RNS Lecture, 16 Jan: Money and the Viking Great Army

Welcome to 2018! The Society lectures kick off in the new year on Tuesday 16th January at 6pm at the Warburg Institute. This lecture will be given by Andrew Woods of York Museums Trust on the title Money and the Viking Great Army: Interpreting the coinage from Torksey. This lecture is linked to the York Museums Trust exhibition on the Viking winter camp at Torksey (open from 18th May 2017), developed in collaboration with the University of York and the University of Sheffield. Society lectures are open to all and full information about the current lecture schedule can be found here.

Paper Abstract:

Dirham fragments recovered from the Torksey Viking winter camp. Image linked from Archaeology 2013.

Arriving in AD 865, the Viking ‘Great Army’ spent fifteen years campaigning in England. They moved around the various kingdoms, defeating many of the established kings and ultimately settling across much of Eastern England, an area that is often known as the Danelaw. The Anglo-Saxon Chronicle records the movements of the army, noting that each year they made camp in a different place during the winter months. The precise locations of these winter camps have proved elusive but recently metal-detecting has increased their archaeological visibility.
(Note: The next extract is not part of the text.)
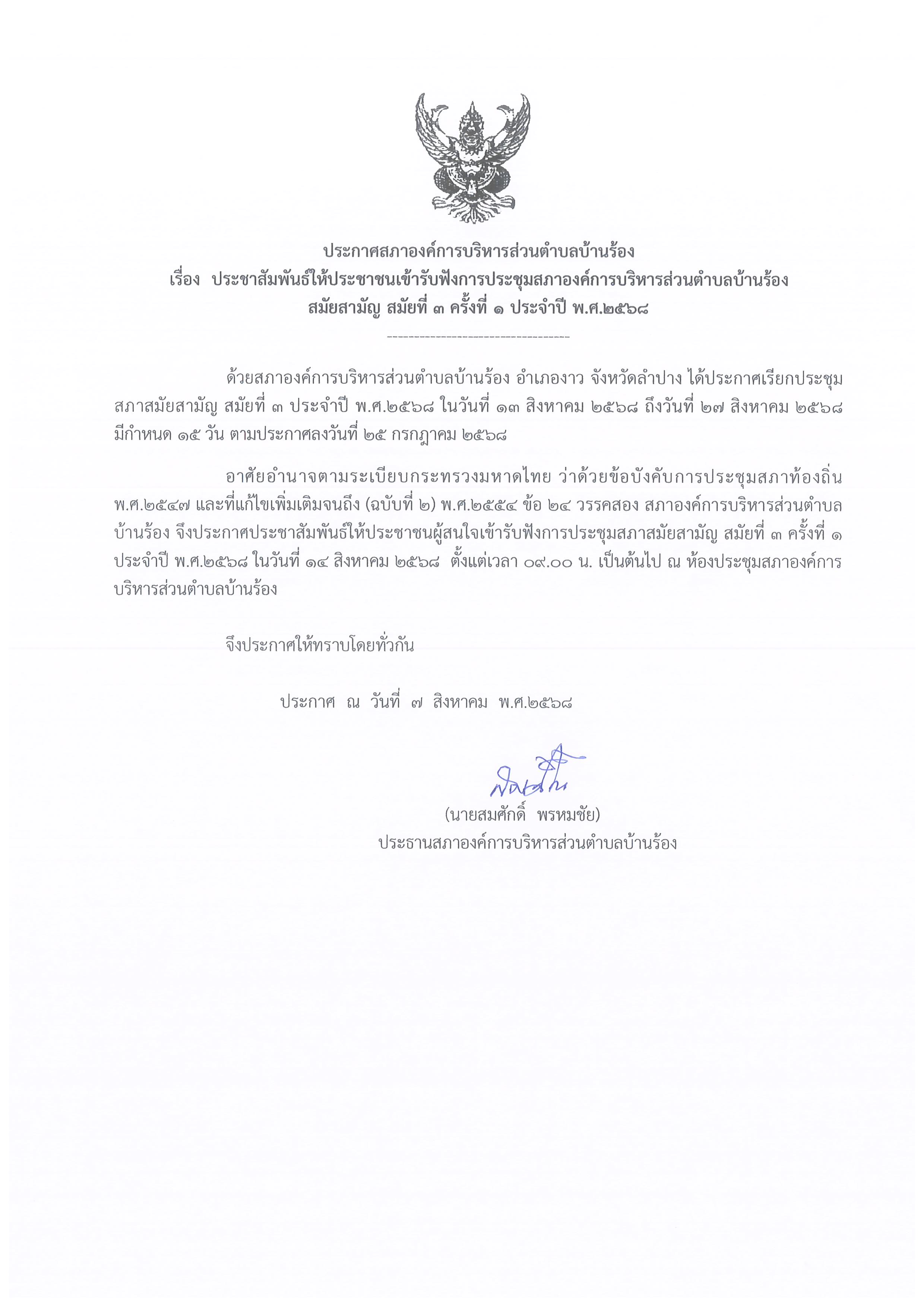 ประกาศสภาองค์การบริหารส่วนตำบลบ้านร้อง เรื่อง ประชาสัมพันธ์ให้ประชาชนเข้ารับฟังการประชุมสภา สมัยสามัญ สมัยที่ ๓ ครั้งที่ ๑ ประจำปี พ.ศ.๒๕๖๘

 This paper will consider the evidence from one such camp, Torksey in Lincolnshire. In AD 872/3, the Anglo-Saxon chronicle records that the Great Army spent the winter there. The site at Torksey has been extensively metal-detected over many years, producing a huge number and large range of objects which offer an insight into life within a Viking camp. These have been recorded as a part of multi-disciplinary project to better interpret the Great Army phenomenon. Objects have been plotted alongside extensive survey and limited excavation work.
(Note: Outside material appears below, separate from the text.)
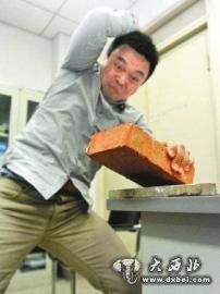 演示“科学的力量”劈砖劈到手红肿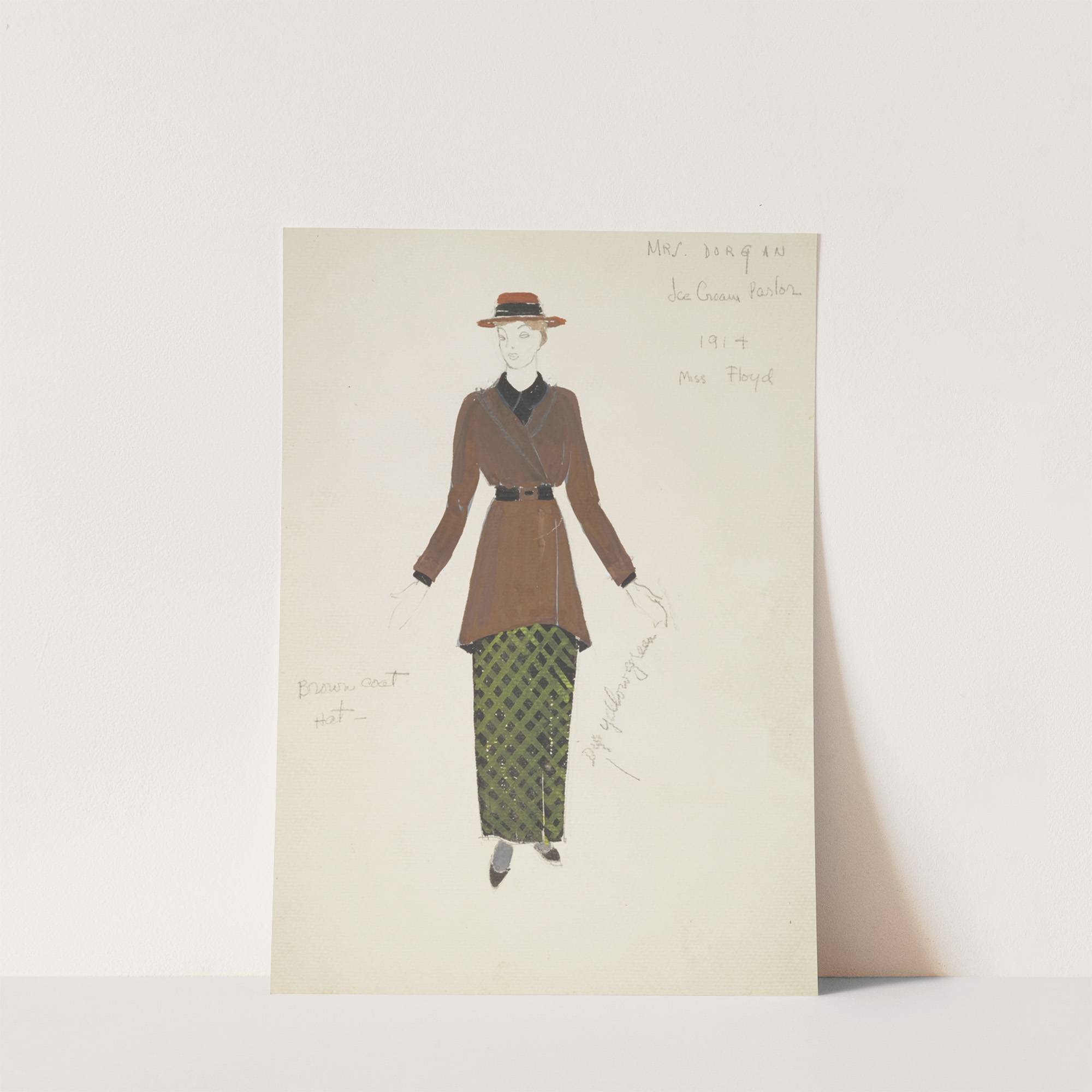 This elegant illustration depicts "Miss Floyd" in "Life and Death of an American," created by artist Alex Jones. The subject is portrayed standing against a plain white background, with subtle hand-written notes providing additional context. She wears a stylish brown...

 Torksey has produced over 300 early medieval coins, as well as many hundreds of other objects which allow a nuanced understanding of the numismatic material. The types of coinage – a mix of Arabic silver, Northumbrian copper and English pennies – mark the site as unusual. This paper will explore the relationships between these coinages, and how they can be understood within the broader assemblages from the site. It will be argued that they are likely to represent a single phase, a narrow window of intense activity. The manner in which coinage was used within the camp will also be discussed with the importance of exchange, metal-working and consumption assessed. Ultimately, the extent to which a number of different ‘economies’ can be detected at Torksey will be considered, with variety of practice stressed.